WHAT TO WORK ON:
All of the data below should be printed again exactly, pictures excluded.
+++
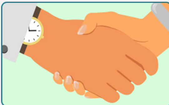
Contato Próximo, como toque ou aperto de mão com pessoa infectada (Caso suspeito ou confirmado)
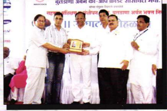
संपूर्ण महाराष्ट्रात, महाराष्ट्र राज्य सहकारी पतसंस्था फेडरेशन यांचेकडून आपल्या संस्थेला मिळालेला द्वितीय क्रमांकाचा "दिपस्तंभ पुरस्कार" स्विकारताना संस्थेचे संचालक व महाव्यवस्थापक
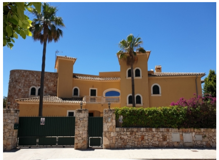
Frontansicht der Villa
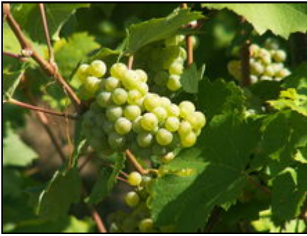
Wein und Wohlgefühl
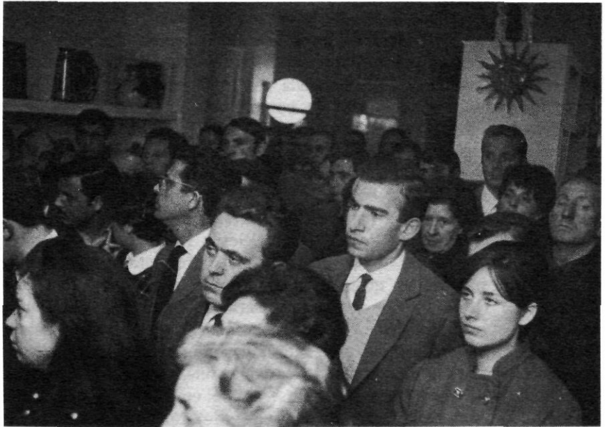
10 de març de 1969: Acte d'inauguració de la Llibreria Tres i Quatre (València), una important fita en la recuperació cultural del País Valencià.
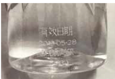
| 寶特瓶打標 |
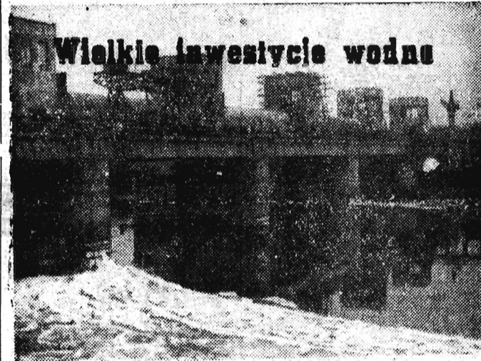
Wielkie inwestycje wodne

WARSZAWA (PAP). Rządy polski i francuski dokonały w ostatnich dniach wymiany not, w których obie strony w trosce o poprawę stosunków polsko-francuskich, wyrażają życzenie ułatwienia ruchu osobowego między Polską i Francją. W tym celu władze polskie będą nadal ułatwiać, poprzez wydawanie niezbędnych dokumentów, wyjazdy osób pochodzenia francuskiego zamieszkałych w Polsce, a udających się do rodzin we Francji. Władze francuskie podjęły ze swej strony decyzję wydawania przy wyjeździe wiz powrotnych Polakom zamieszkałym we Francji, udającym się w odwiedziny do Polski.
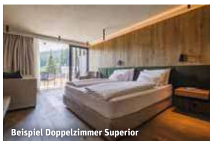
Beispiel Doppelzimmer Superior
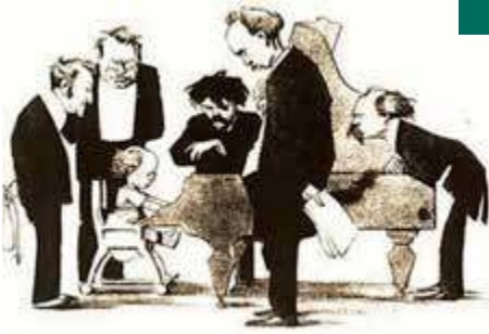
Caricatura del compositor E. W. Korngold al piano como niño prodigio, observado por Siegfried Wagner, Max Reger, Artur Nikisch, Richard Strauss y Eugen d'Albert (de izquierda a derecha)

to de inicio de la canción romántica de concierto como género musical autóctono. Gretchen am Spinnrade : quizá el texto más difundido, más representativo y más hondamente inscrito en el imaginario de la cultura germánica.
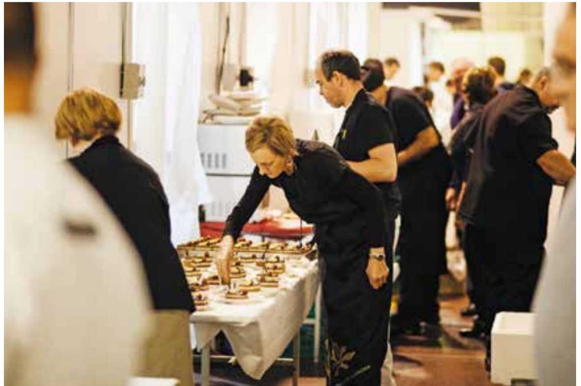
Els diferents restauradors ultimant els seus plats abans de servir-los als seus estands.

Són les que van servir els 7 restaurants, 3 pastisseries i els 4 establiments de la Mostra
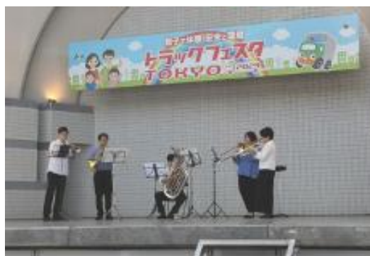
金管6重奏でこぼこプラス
+++
ANSWER TO THE EXERCISE:
Contato Próximo, como toque ou aperto de mão com pessoa infectada (Caso suspeito ou confirmado)
संपूर्ण महाराष्ट्रात, महाराष्ट्र राज्य सहकारी पतसंस्था फेडरेशन यांचेकडून आपल्या संस्थेला मिळालेला द्वितीय क्रमांकाचा "दिपस्तंभ पुरस्कार" स्विकारताना संस्थेचे संचालक व महाव्यवस्थापक
Frontansicht der Villa
Wein und Wohlgefühl
10 de març de 1969: Acte d'inauguració de la Llibreria Tres i Quatre (València), una important fita en la recuperació cultural del País Valencià.
| 寶特瓶打標 |
Wielkie inwestycje wodne

WARSZAWA (PAP). Rządy polski i francuski dokonały w ostatnich dniach wymiany not, w których obie strony w trosce o poprawę stosunków polsko-francuskich, wyrażają życzenie ułatwienia ruchu osobowego między Polską i Francją. W tym celu władze polskie będą nadal ułatwiać, poprzez wydawanie niezbędnych dokumentów, wyjazdy osób pochodzenia francuskiego zamieszkałych w Polsce, a udających się do rodzin we Francji. Władze francuskie podjęły ze swej strony decyzję wydawania przy wyjeździe wiz powrotnych Polakom zamieszkałym we Francji, udającym się w odwiedziny do Polski.
Beispiel Doppelzimmer Superior
Caricatura del compositor E. W. Korngold al piano como niño prodigio, observado por Siegfried Wagner, Max Reger, Artur Nikisch, Richard Strauss y Eugen d'Albert (de izquierda a derecha)

to de inicio de la canción romántica de concierto como género musical autóctono. Gretchen am Spinnrade : quizá el texto más difundido, más representativo y más hondamente inscrito en el imaginario de la cultura germánica.
Els diferents restauradors ultimant els seus plats abans de servir-los als seus estands.

Són les que van servir els 7 restaurants, 3 pastisseries i els 4 establiments de la Mostra
金管6重奏でこぼこプラス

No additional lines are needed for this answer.